*** Opening of The records ***

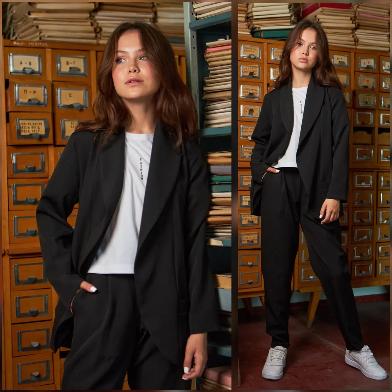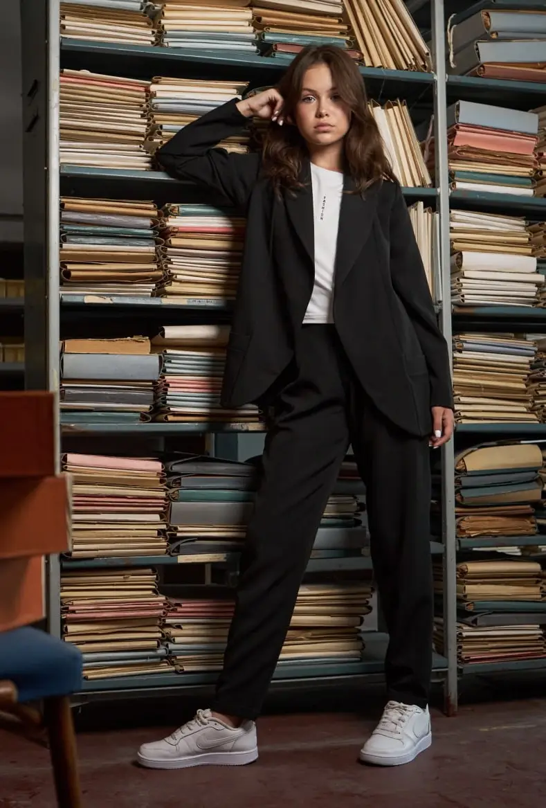 1 250 грн 62 грн Розмір одягу (ріст) 128 134 Розмір одягу (міжнародний) M Штани Костюми та комплекти для дівчат Костюми шкільні для дівчат Бренд H&M Колір Чорний Весна Осінь Матеріал Костюмка Увімкнено
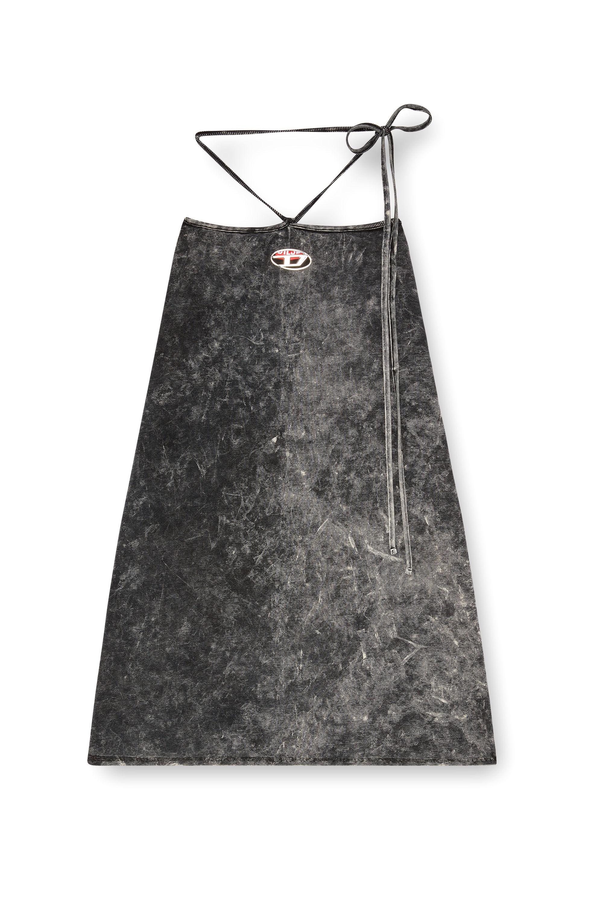 Product Description This women's midi dress has a flowy A-line silhouette and long ties that wind around the waist to frame the stomach. It's made from marbled ribbed fabric using organic cotton and stretch and finished with a cut-out metal Oval D embellishment. ID: A144220KHAS Size & Fit Model is wearing a size S and is 175 cm / 5'7'' Check the size chart to choose the correct size. Materials & Details Composition: 94%Cotton 6%Elastane-Spandex Slim fit Long wrap-around waist ties
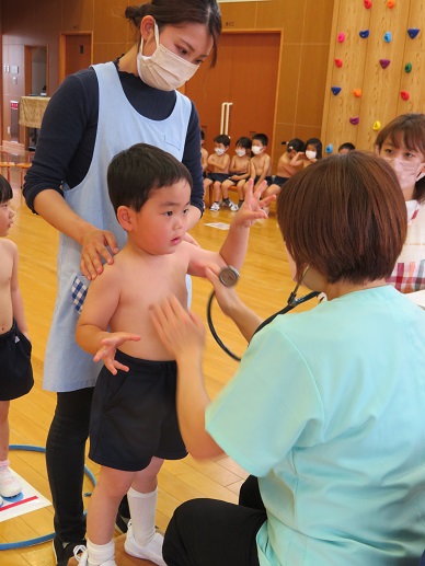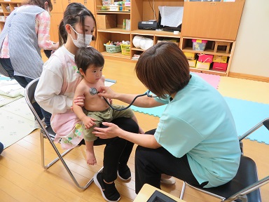 今年度も、さの小児科の佐野先生にご来園頂き内科検診を行いました。先生が声をかけながら見て下さいましたので、安心して受けることが出来ていました。
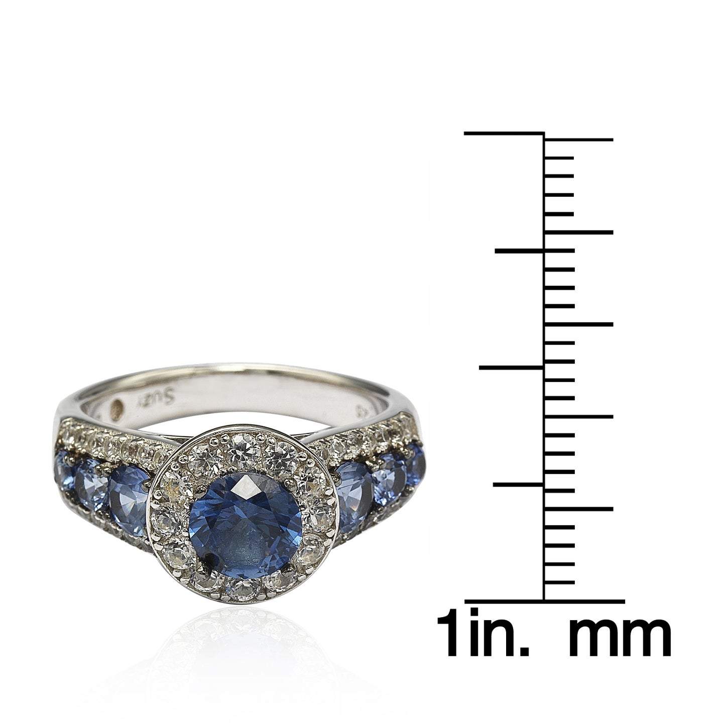 Suzy Levian Sterling Silver 3.61ct TGW Sapphire and Diamond Bridal Engagement Ring
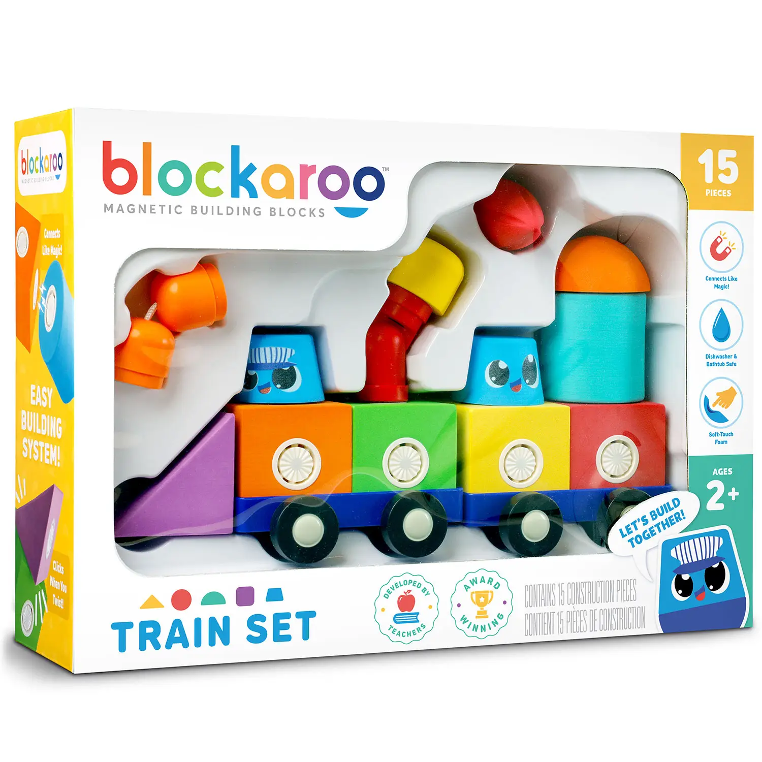 The 15-piece Train Set provides hours of fun thanks to the innovative magnetic system, which allows the blocks to connect like magic, every time.
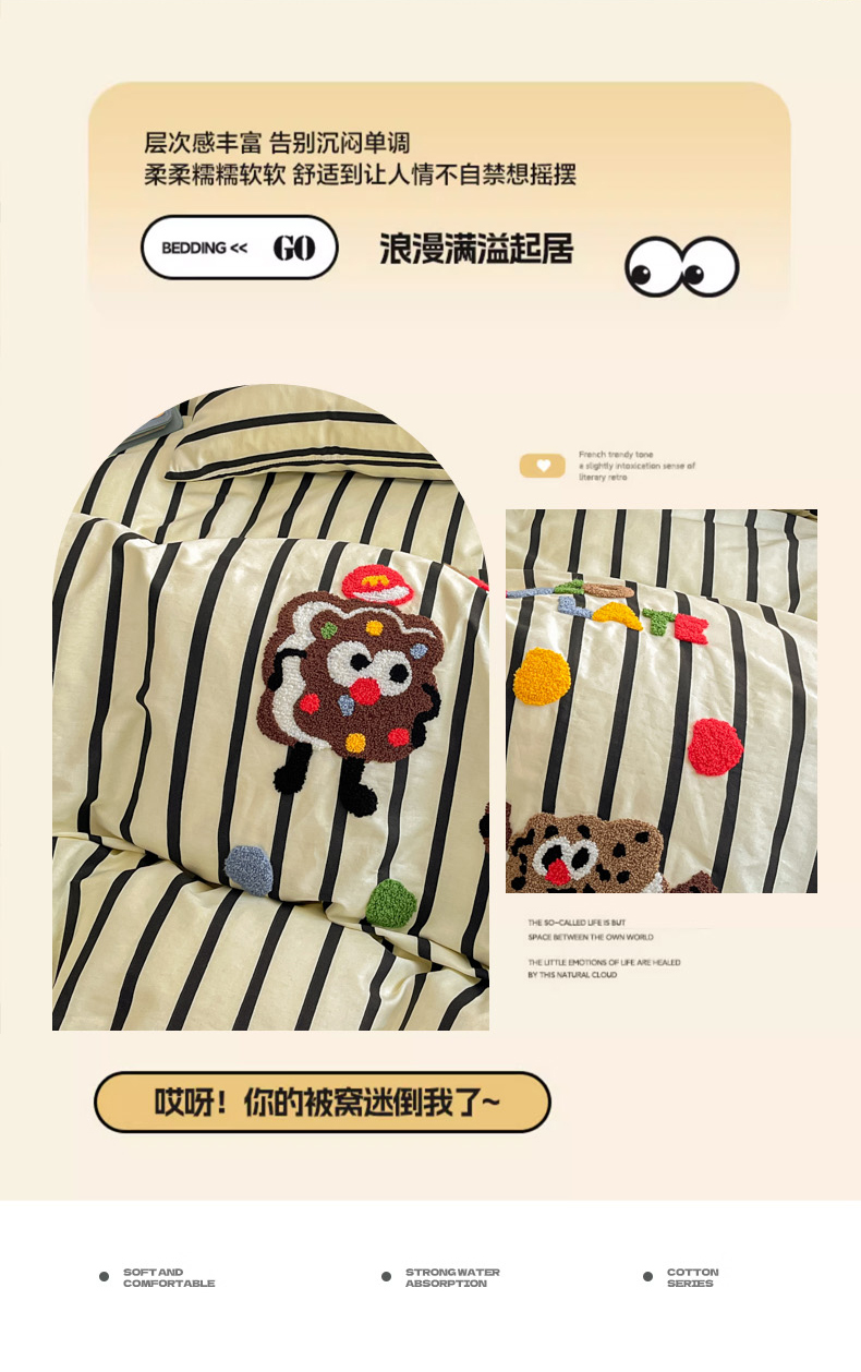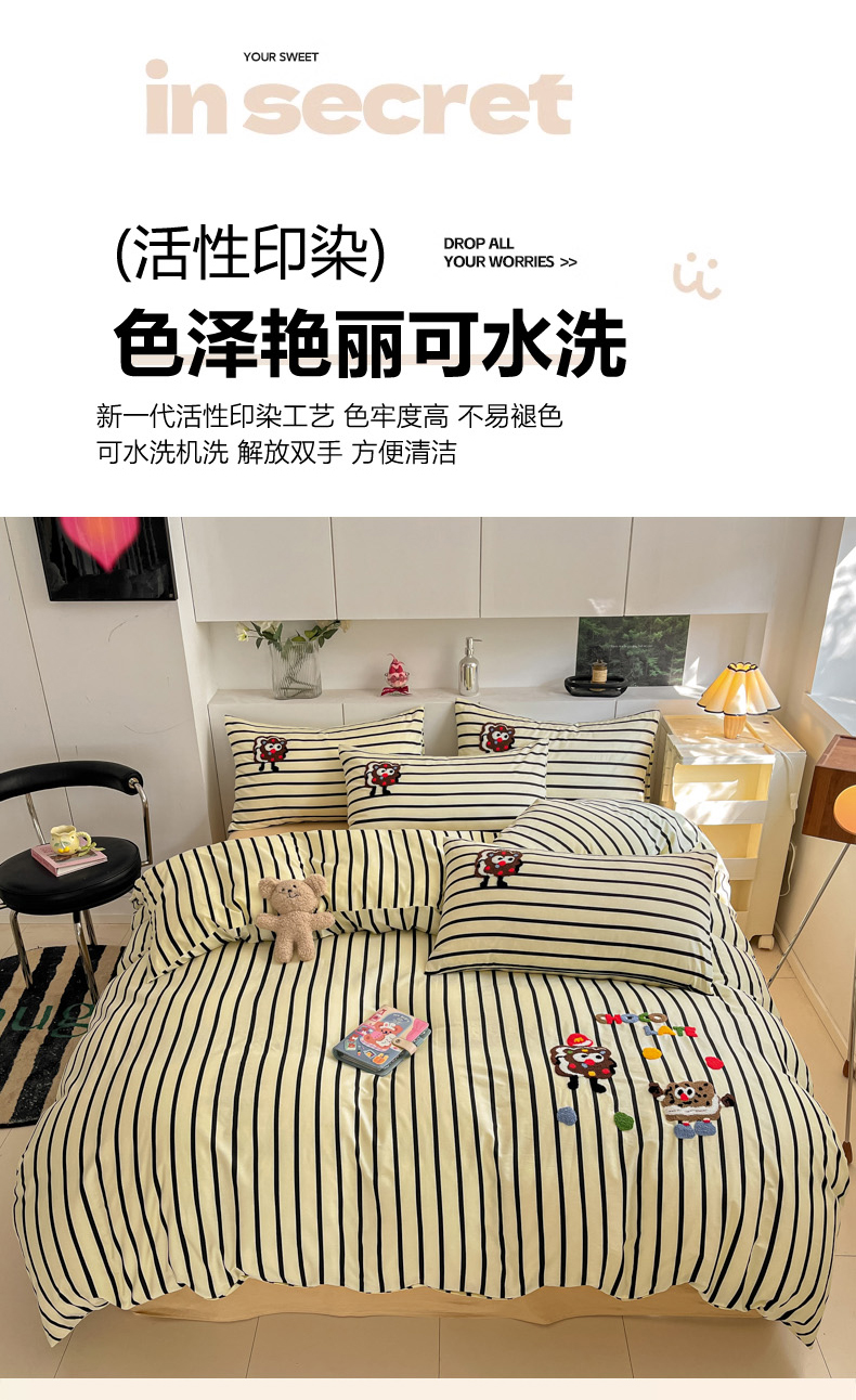 (总)寐居家纺 2025新款毛球毛巾绣牛奶绒四件套,毛球球·巴克汪仔,毛球球·豆蔻女孩,毛球球·奶黄拉布,毛球球·心动KT喵,组合图仅供展示不可下单
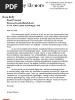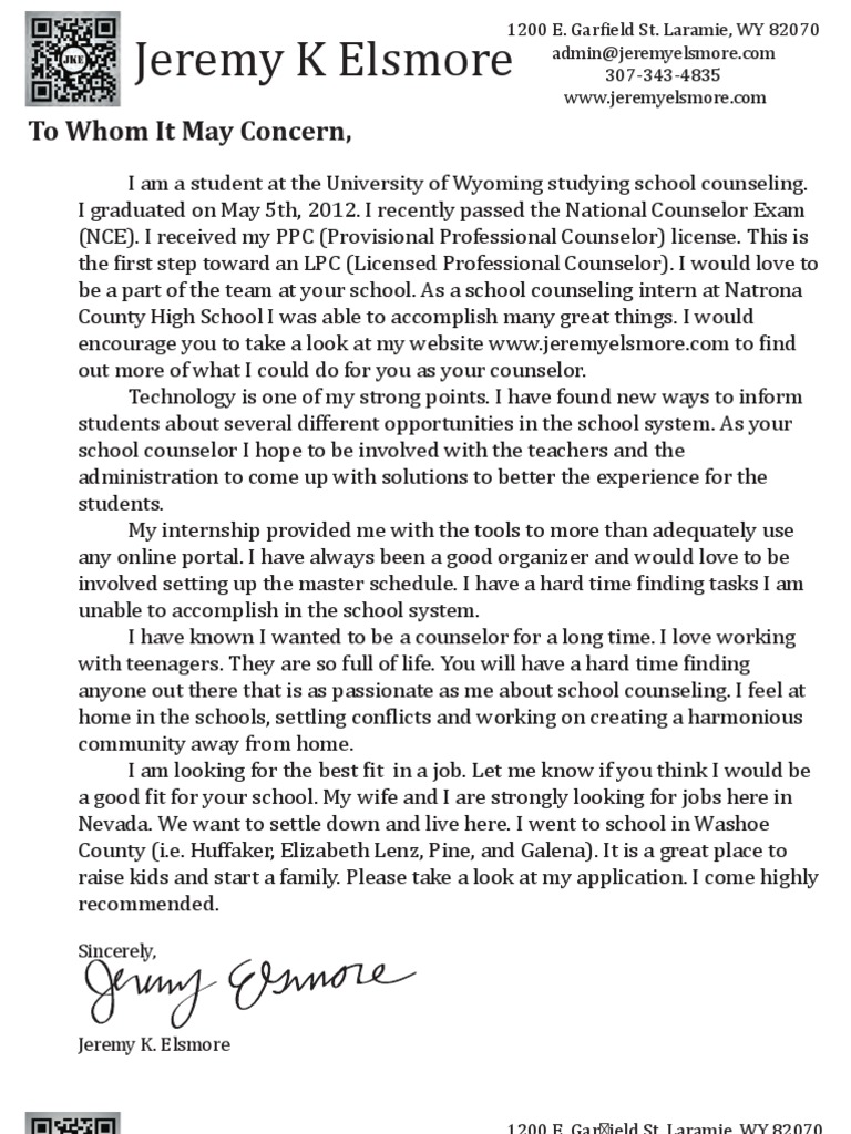I am a student at the University of Wyoming studying school counseling. I graduated on May 5th, 2012. I recently passed the National Counselor Exam (NCE). I received my PPC (Provisional Professional Counselor) license. This is the irst step toward an LPC (Licensed Professional Counselor). I would love to be a part of the team at your school. As a school counseling intern at Natrona County High School I was able to accomplish many great things. I would encourage you to take a look at my website www.jeremyelsmore.com to ind out more of what I could do for you as your counselor. Technology is one of my strong points. I have found new ways to inform students about several different opportunities in the school system. As your school counselor I hope to be involved with the teachers and the administration to come up with solutions to better the experience for the students. My internship provided me with the tools to more than adequately use any online portal. I have always been a good organizer and would love to be involved setting up the master schedule. I have a hard time inding tasks I am unable to accomplish in the school system. I have known I wanted to be a counselor for a long time. I love working with teenagers. They are so full of life. You will have a hard time inding anyone out there that is as passionate as me about school counseling. I feel at home in the schools, settling conlicts and working on creating a harmonious community away from home. I am looking for the best it in a job. Let me know if you think I would be a good it for your school. My wife and I are strongly looking for jobs here in Nevada. We want to settle down and live here. I went to school in Washoe County (i.e. Huffaker, Elizabeth Lenz, Pine, and Galena). It is a great place to raise kids and start a family. Please take a look at my application. I come highly recommended.
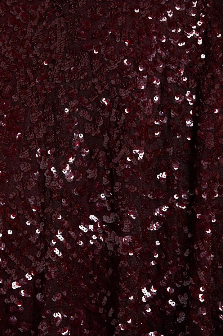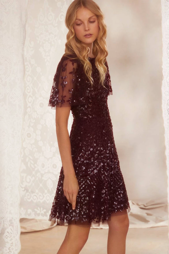 The Amalie Sequin Mini Dress in Burgundy. Decorated with intricate shimmering sequins and floral motifs, this short-sleeved dress is designed with a layered tulle skirt featuring ‘x’ motifs throughout, adding subtle texture. Make this your new season go-to.
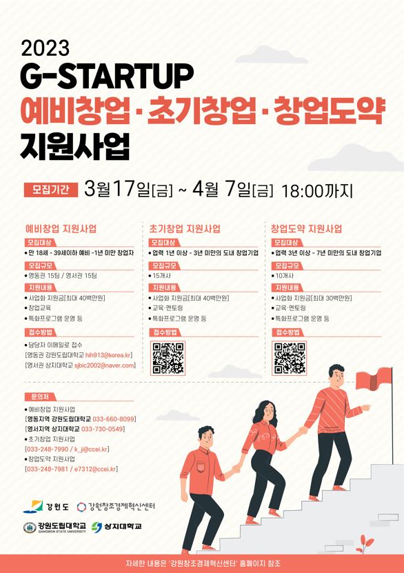 강원창조경제혁신센터에서는 강원도와 함께 혁신적인 기술 창업 소재가 있는 창업기업을 육성하기 위한 「G-STARTUP 예비창업/초기창업/창업도약 지원사업」을 운영합니다. 기술창업에 관심있는 많은 창업기업분들이 참여하실 수 있도록 아래 내용과 같이 홍보 협조 부탁드립니다.
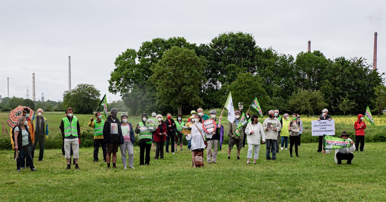 In rund 50 Städten lud das bundesweite Bündnis „Wald statt Asphalt“ am vergangenen Samstag, 5. Juni, zum Protest gegen den Neubau von Fernstraßen und zur Unterstützung einer Mobilitätswende ein. Fast 50 Personen kamen daher am Samstagnachmittag in die Feldflur im Knielinger Norden. Das Bündnis gegen eine zweite Rheinbrücke hatte zu einer Begehung der Trassenvarianten der vierspurigen Querspange von der geplanten zusätzlichen Rheinbrücke zur Bundesstraße 36 aufgerufen. An mehreren Stellen gab es Stopps für Fotos und die Veranstalter informierten über Details zur Planung und über die gefährdeten Arten, insbesondere über Amphibien, Vögel und Insekten.
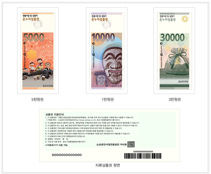 온누리 상품권은 전통시장, 상점가의 상권 활성화구역의 활성화를 위해 제작된 상품권으로 2009년도부터 발행되었습니다. 상품권은 지류상품권, 카드형 전자 상품권, 모바일 온누리 상품권 3가지로 구분됩니다.
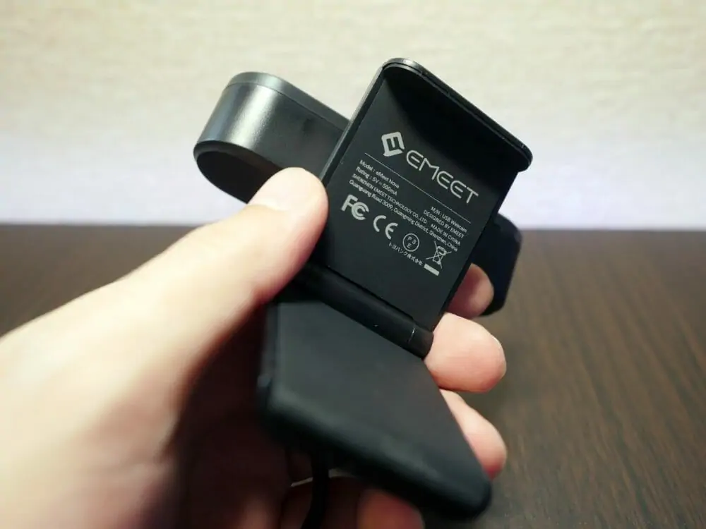 eMeet NOVA本体は樹脂製で、全面のカメラ部はアクリルで覆われています。カメラ部は360°、スタンドは180°可動して適切な撮影ポジションの設置が可能です。
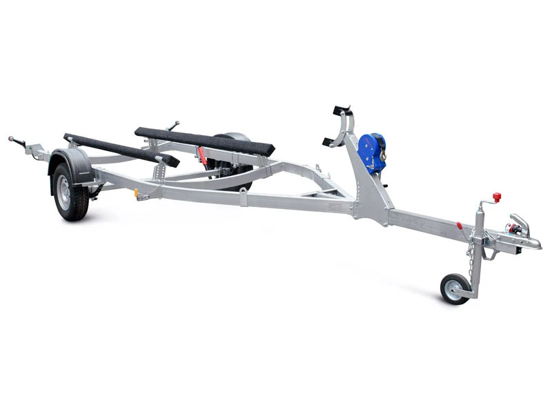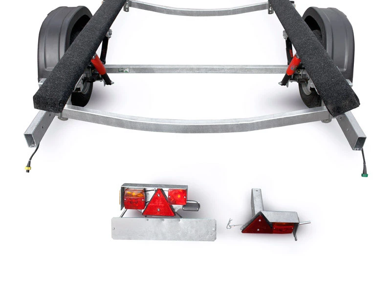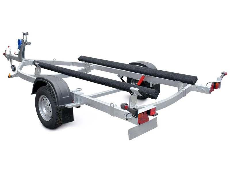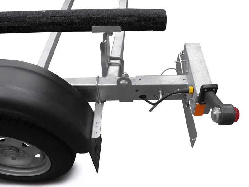 - Усиленная оцинкованная стальная рама выполнена из замкнутого профиля, имеет большой запас прочности и позволяет уберечь жгут электропроводки от внешних повреждений по все длине прицепа. Изогнутая конструкция поперечин рамы обеспечивает максимально низкую посадку судна, что снижает центр тяжести и повышает устойчивость прицепа во время движения.
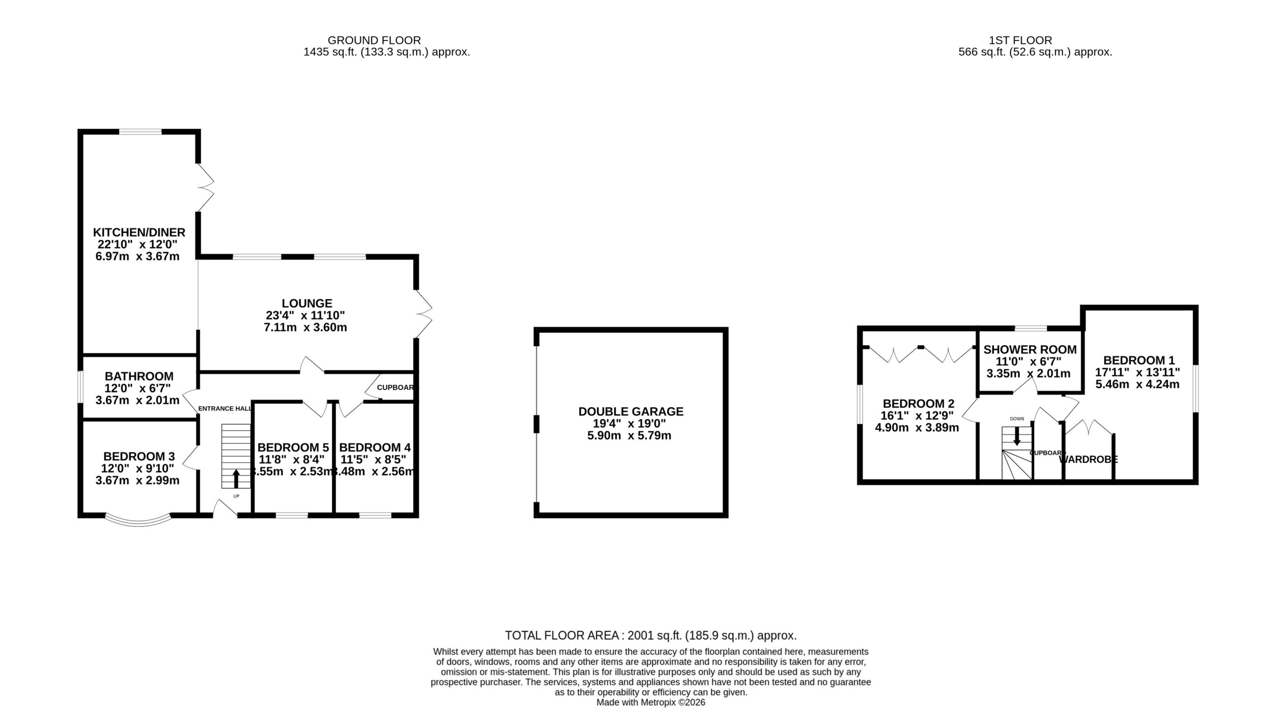 The property offers five generous double bedrooms, providing flexible accommodation for families or those requiring home office space. Two bedrooms are located on the first floor, including the main bedroom which benefits from built-in clothing storage, while bedroom two also features fitted storage.

*** Close of The records ***

→ What to produce:
In the data above, find the line with "The Amalie Sequin" and the line with "- Усиленная оцинкованная". Please copy exactly those two lines and every line between them, but not the pictures.

→ Your response:
 The Amalie Sequin Mini Dress in Burgundy. Decorated with intricate shimmering sequins and floral motifs, this short-sleeved dress is designed with a layered tulle skirt featuring ‘x’ motifs throughout, adding subtle texture. Make this your new season go-to.
 강원창조경제혁신센터에서는 강원도와 함께 혁신적인 기술 창업 소재가 있는 창업기업을 육성하기 위한 「G-STARTUP 예비창업/초기창업/창업도약 지원사업」을 운영합니다. 기술창업에 관심있는 많은 창업기업분들이 참여하실 수 있도록 아래 내용과 같이 홍보 협조 부탁드립니다.
 In rund 50 Städten lud das bundesweite Bündnis „Wald statt Asphalt“ am vergangenen Samstag, 5. Juni, zum Protest gegen den Neubau von Fernstraßen und zur Unterstützung einer Mobilitätswende ein. Fast 50 Personen kamen daher am Samstagnachmittag in die Feldflur im Knielinger Norden. Das Bündnis gegen eine zweite Rheinbrücke hatte zu einer Begehung der Trassenvarianten der vierspurigen Querspange von der geplanten zusätzlichen Rheinbrücke zur Bundesstraße 36 aufgerufen. An mehreren Stellen gab es Stopps für Fotos und die Veranstalter informierten über Details zur Planung und über die gefährdeten Arten, insbesondere über Amphibien, Vögel und Insekten.
 온누리 상품권은 전통시장, 상점가의 상권 활성화구역의 활성화를 위해 제작된 상품권으로 2009년도부터 발행되었습니다. 상품권은 지류상품권, 카드형 전자 상품권, 모바일 온누리 상품권 3가지로 구분됩니다.
 eMeet NOVA本体は樹脂製で、全面のカメラ部はアクリルで覆われています。カメラ部は360°、スタンドは180°可動して適切な撮影ポジションの設置が可能です。
 - Усиленная оцинкованная стальная рама выполнена из замкнутого профиля, имеет большой запас прочности и позволяет уберечь жгут электропроводки от внешних повреждений по все длине прицепа. Изогнутая конструкция поперечин рамы обеспечивает максимально низкую посадку судна, что снижает центр тяжести и повышает устойчивость прицепа во время движения.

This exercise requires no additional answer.